◆ Data segment ◆
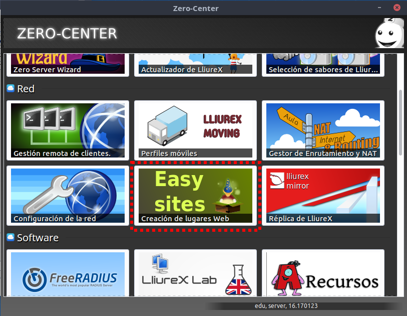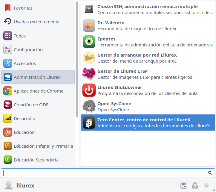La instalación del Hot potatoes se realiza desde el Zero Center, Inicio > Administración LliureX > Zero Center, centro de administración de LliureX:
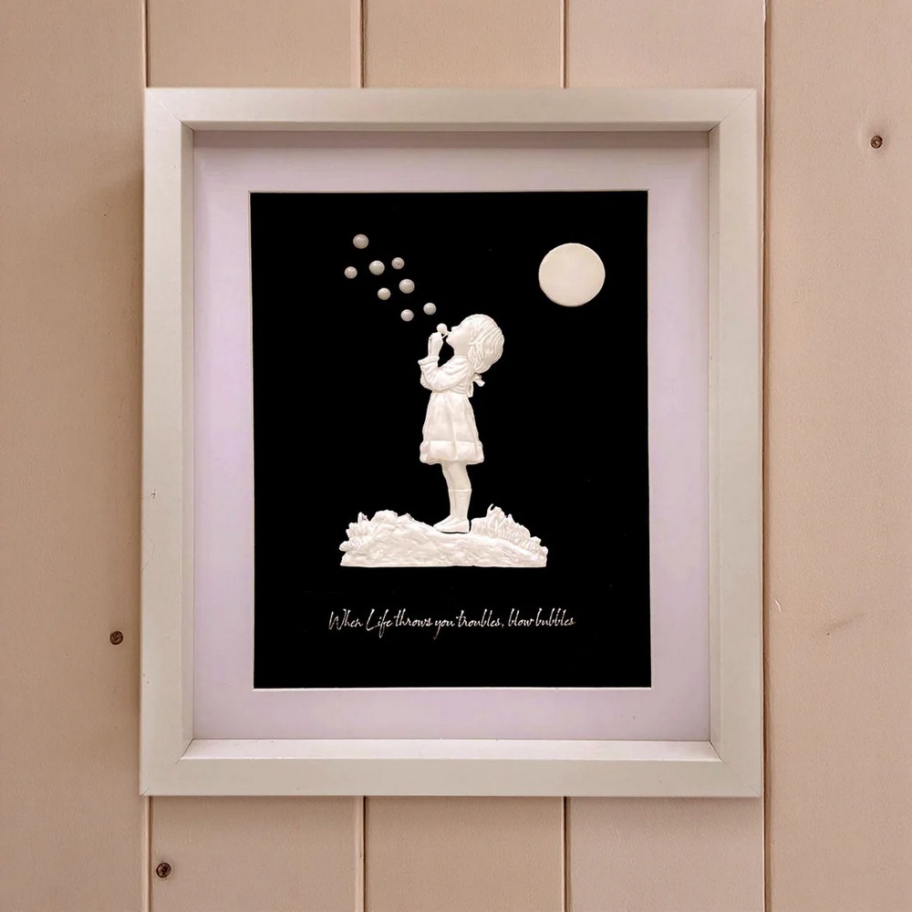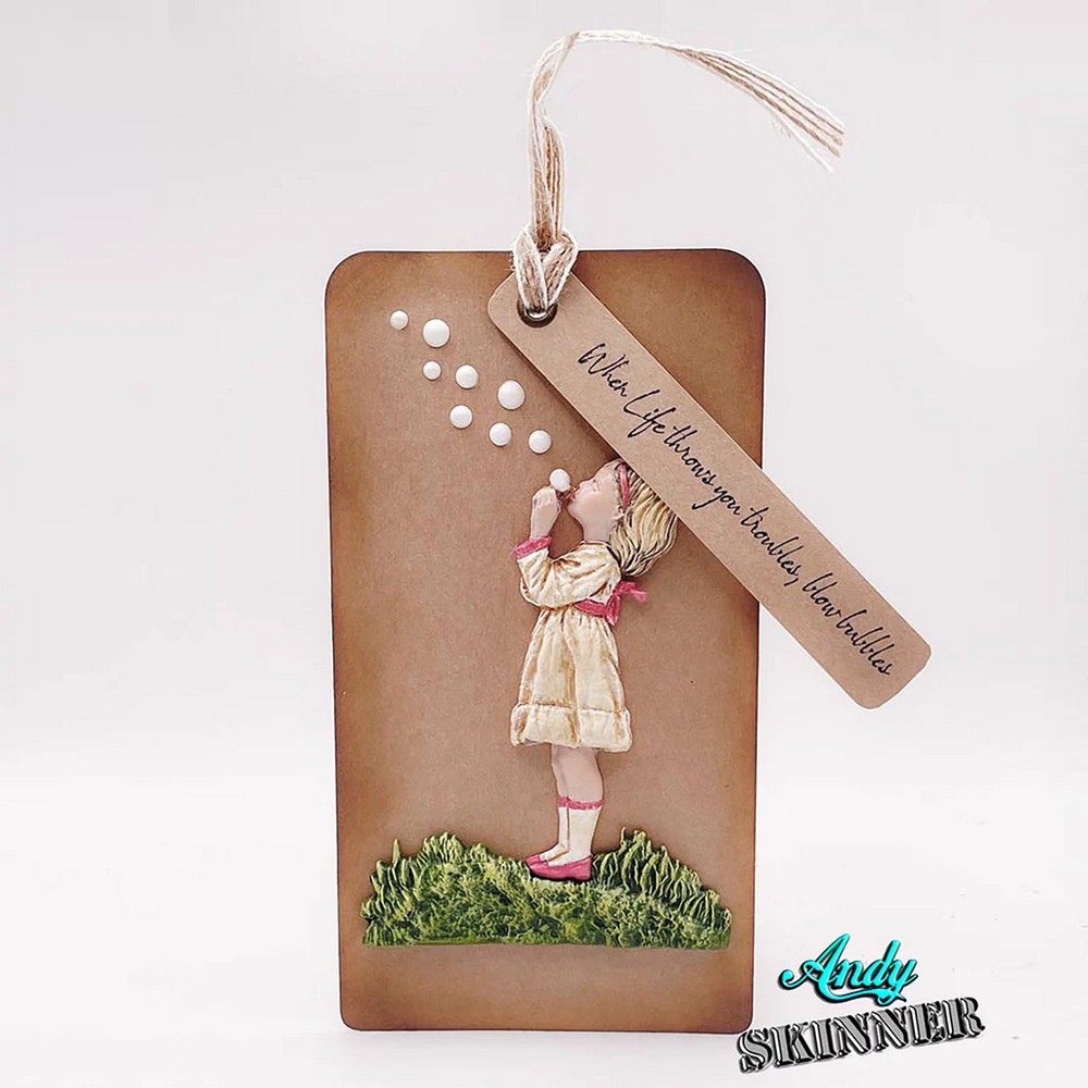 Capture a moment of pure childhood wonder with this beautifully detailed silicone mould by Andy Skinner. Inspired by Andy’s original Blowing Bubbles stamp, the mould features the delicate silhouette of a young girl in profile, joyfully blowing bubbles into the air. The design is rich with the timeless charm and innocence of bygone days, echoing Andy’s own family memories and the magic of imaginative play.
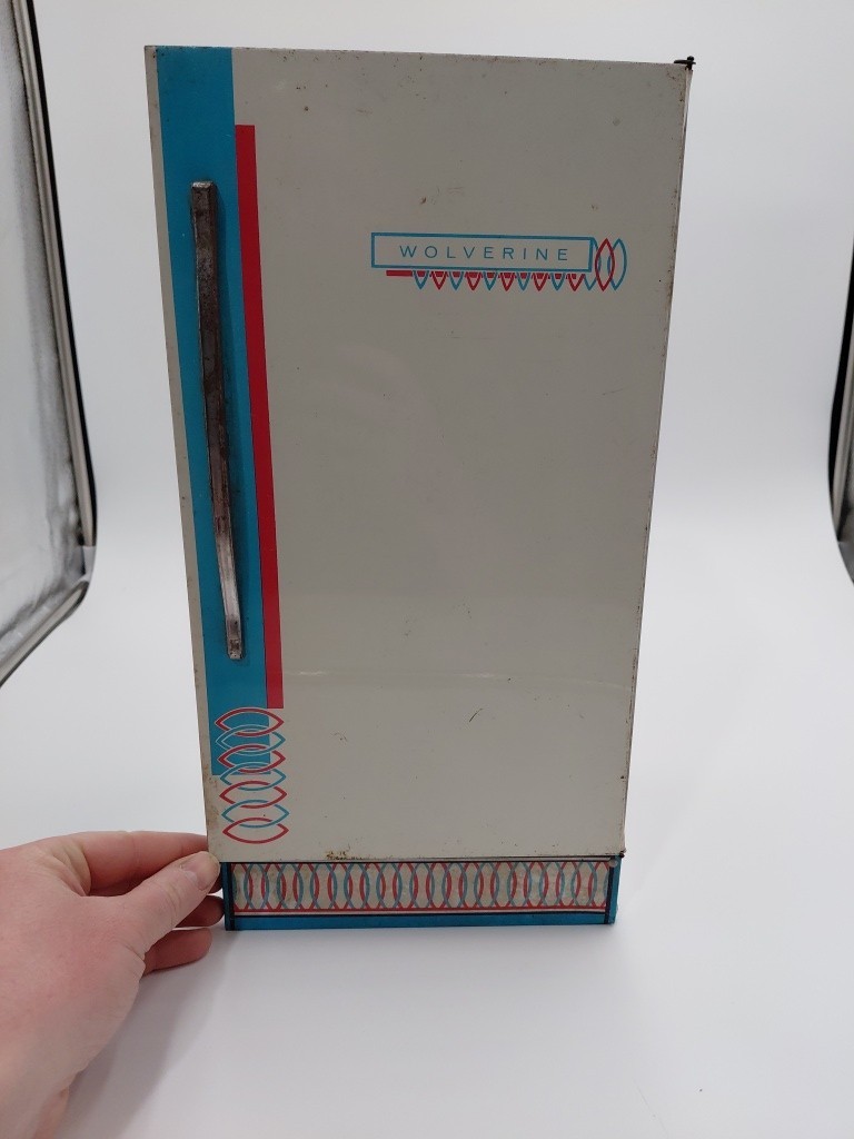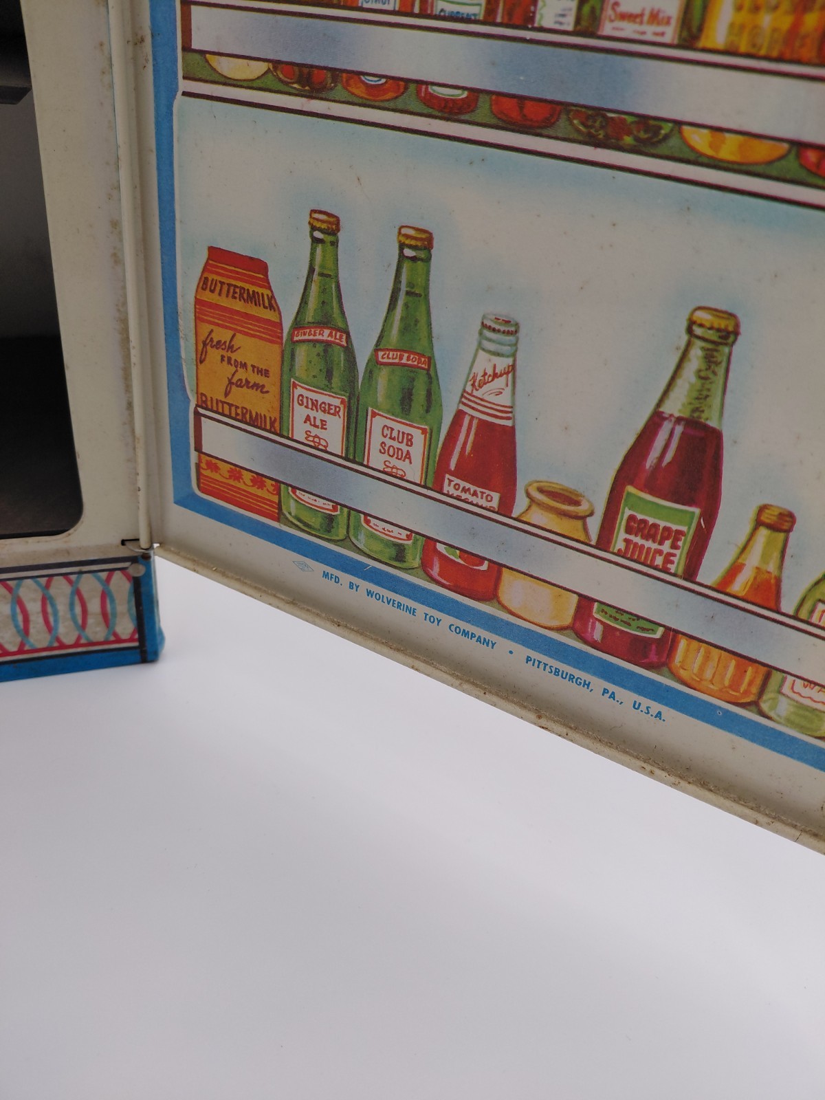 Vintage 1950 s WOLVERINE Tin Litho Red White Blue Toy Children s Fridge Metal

◆ Directions ◆
Beginning with the line that contains "Capture a moment" and ending with the last line of the data, transcribe each line exactly; pictures stay out.

◆ Answer to this problem ◆
 Capture a moment of pure childhood wonder with this beautifully detailed silicone mould by Andy Skinner. Inspired by Andy’s original Blowing Bubbles stamp, the mould features the delicate silhouette of a young girl in profile, joyfully blowing bubbles into the air. The design is rich with the timeless charm and innocence of bygone days, echoing Andy’s own family memories and the magic of imaginative play.
 Vintage 1950 s WOLVERINE Tin Litho Red White Blue Toy Children s Fridge Metal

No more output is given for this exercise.